The 'Tax Maneuver' Explained
In short, the report claims that Trump had used a complex arrangement whereby each of his three Atlantic City casinos was owned by a partnership. A partnership was formed between himself and a company he wholly-owned, the Times explained in a complementary story.
"The corporations were basically alter egos," Steven Rosenthal, who is a Senior Fellow at the Tax Policy Center and one of those who reviewed the documents for the New York Times, told ABC News. "When the partnership restructures its debt to public bondholders or other creditors like banks, the partnership is really acting as an alter ego for Trump."
The arrangement the Times claims existed would have come in handy when Trump’s casinos hit hard times.
If lenders -- knowing that Trump’s partnerships were unable to repay their debts -- had cancelled their share of the debt, the amount of that forgiveness would have counted as income to Trump's partnerships for tax purposes, Kyle Pomerleau of the nonpartisan Tax Foundation, a think tank, told ABC News.
Realizing that canceled debt as income could have resulted in a massive tax bill for the embattled casino-owning partnerships, The Times said Trump instead may have offered lenders a deal: equity, or partial ownership, in his partnerships in exchange for canceling his debts to them.
Such an equity-for-debt swap would mean that lenders would have been given partial ownership of the casino-controlling partnerships in place of the debt payments.
If this scenario did occur, as The New York Times suggests, then the casino-owning partnerships would not have to report canceled debt as income on their taxes, according to Pomerleau.
"The partnership, in effect, is allowed forgiveness on its debt," Rosenthal explained, "but no income to Trump because the partnership purports to use its own equity to retire its debt."
Meanwhile, Pomerleau said, the lenders may have been able to claim the forgiveness as a business loss -- potentially saving on their own tax bills.
The expert had an additional concern: if the equity in the partnerships that the lenders had been given declined in value, those lenders could claim a capital loss on their taxes, as well -- potentially providing even more tax benefits.
In other words, lenders "would be able to take another deduction on a transaction that really didn’t create any economic activity," Pomerleau told ABC News.
However, because Trump's tax returns have not been released to the public, whether or not Trump used these tactics is uncertain.
"It’s quite possible that the IRS slapped this down, when he attempted," Pomerleau said. "We just don’t know."
According to The Times, Congress barred the use of equity-for-debt swaps by partnerships in 2004. The paper said that Hillary Clinton, who was a Senator at the time, voted in favor of the measure.
Responding to the story, Trump Campaign spokeswoman Hope Hicks told the New York Times: "Your thesis is a criticism, not just of Mr.

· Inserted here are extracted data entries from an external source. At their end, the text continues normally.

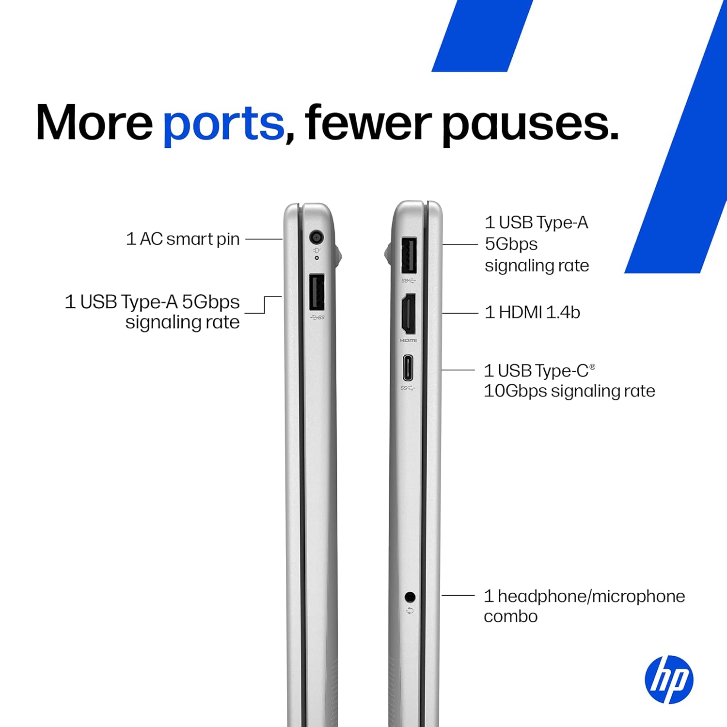 Ports & Connectivity :1 USB Type-C 5Gbps signaling rate (supports data transfer only and does not support charging or external monitors); 2 USB Type-A 5Gbps signaling rate; 1 AC smart pin; 1 HDMI 1.4b; 1 headphone/microphone combo; Connectivity: Realtek Wi-Fi 6 (2×2) and Bluetooth 5.4 wireless card
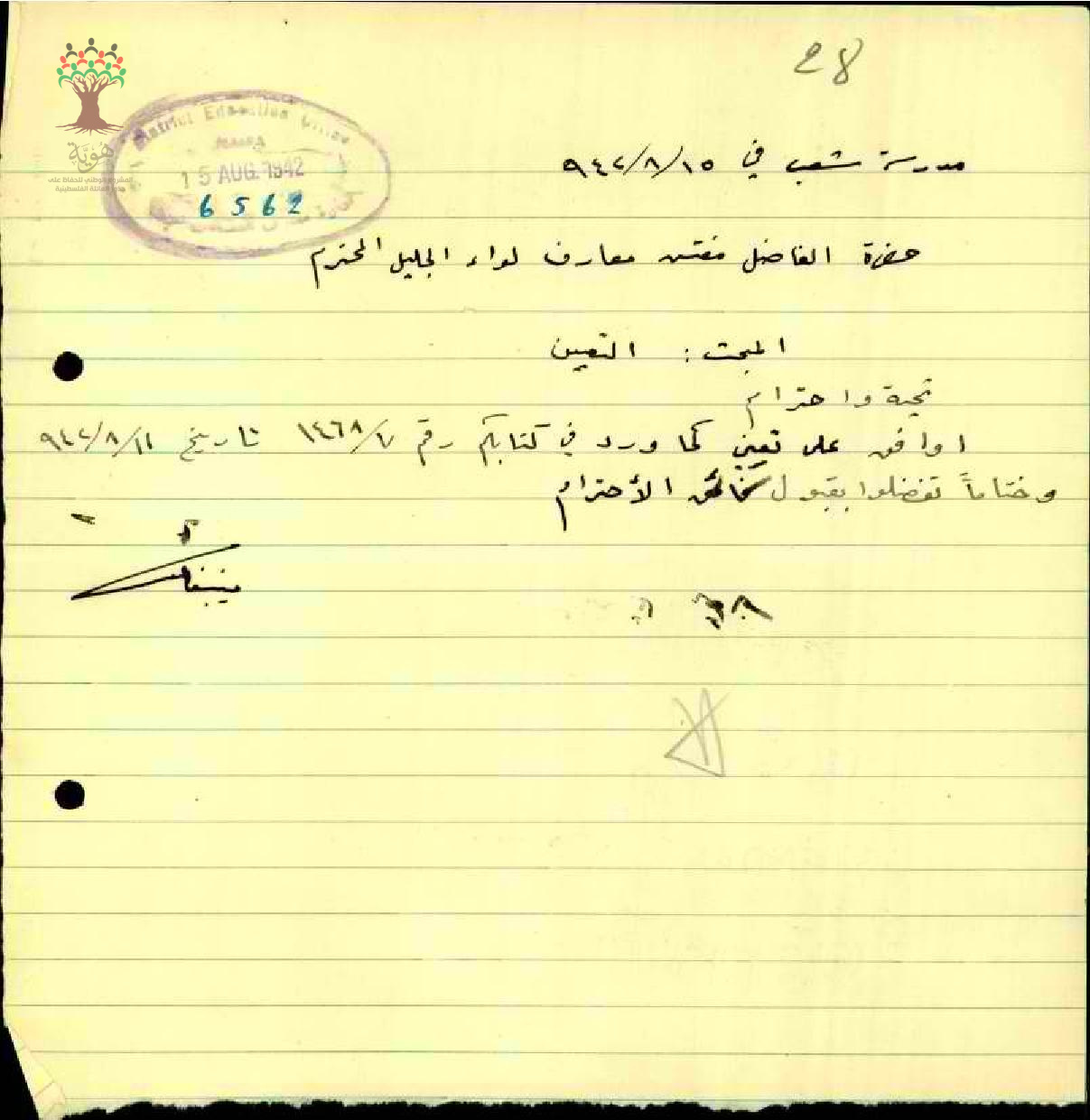 موافقة المعلم منيب فاعور على قرار تعيينه في الدراجت الغير نظظامية في مدرسة شعب قضاء عكا
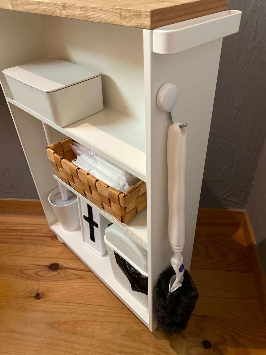 また、わずか14cmというスリムな幅で、トイレスペースが小さなお家にもぴったりです!トイレブラシやシートなども収納できるので、清潔感のあるトイレに仕上がりますね◎
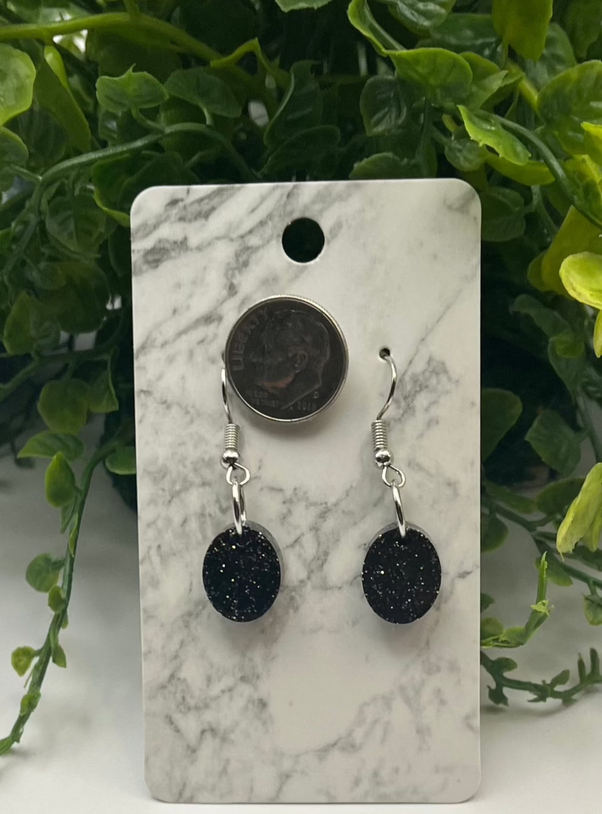 Small oval earrings with a base color of black and a sprinkle of gold glitter. Made with resin, glitter, and hypoallergenic stainless-steel hooks. Dimensions: Length 0.5", Width 0.35", and Total Drop Length with Hook 1.5".
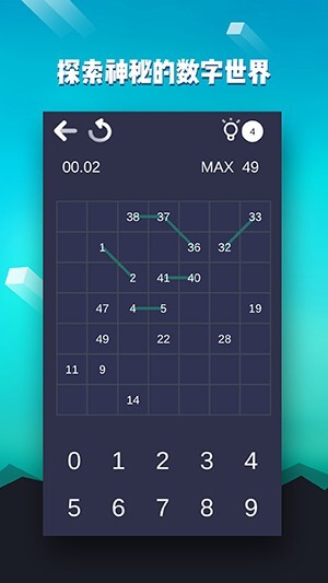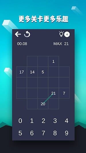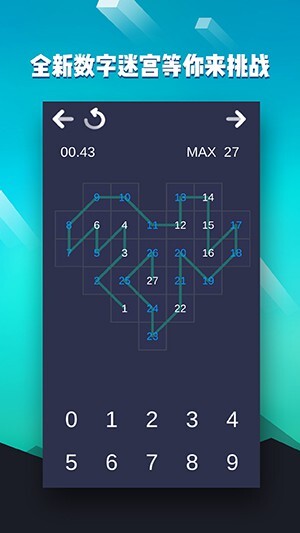 数字迷宫是一款全新的数字解谜与脑力锻炼游戏。你只需在恰当的位置填入合适的数字,让数字依次构成一条连续不断的数字线条。
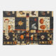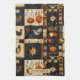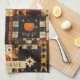 This kitchen towel features a folk art quilt-inspired patchwork pattern with a warm autumn palette of orange, brown, gold, black, and cream. The blocks showcase rustic motifs including pumpkins, birds, stars, hearts, and swirling vines, all arranged in a traditional quilt block structure. With its distressed, aged fabric look, this pattern captures the charm of primitive Americana and seasonal harvest themes. Perfect for fall décor, rustic farmhouse style, country crafts, and folk-inspired designs that celebrate the cosy spirit of autumn.
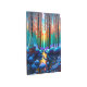 Un ilustracion invernal que es un diseño intrincado y simétrico con imágenes vívidas, biomórficas y colores vibrantes. La paleta de colores combina los tonos azules y violetas para evocar un tema invernal, así como otros colores, principalmente naranjas, que complementan y contrastan con estos tonos. En general, este diseño es un arte impresionante y llamativo.
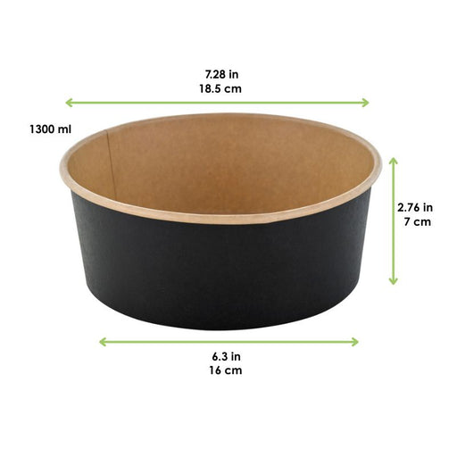 Ensaladera redonda multiusos BUCKATY cartón negro 1300ml Ø185mm A70mm - 45Uds
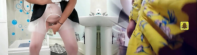 I can'_t stop snooping on my stepmom while she is in the douche and frees herself from the air
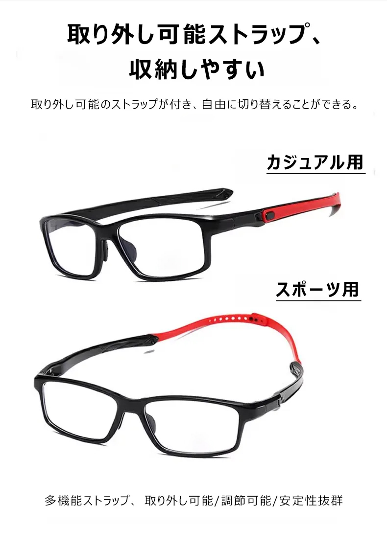 軽量で柔軟性に優れたTR素材を採用し、長時間の装着でもズレにくく快適。ブルーライトカットとUV対策を同時に備え、遠くも近くもクリアな視界を実現します。

Trump, but of all taxpayers who take the time and spend the money to try to comply with the dizzyingly complex and ambiguous tax laws without paying more tax than they owe. Mr. Trump does not think that taxpayers should file returns that resolve all doubt in favor of the I.R.S. And any tax experts that you have consulted are engaged in pure speculation. There is no news here."
On ABC's "Good Morning America" Tuesday, Trump Deputy Campaign Manager David Bossie called The Times' report "incredibly unfair" and reiterated that Trump's taxes were not available because he is under audit.
Anchor George Stephanopoulous pointed out, however, that the allegations stem from the 1990s and any audit cases would be closed by now.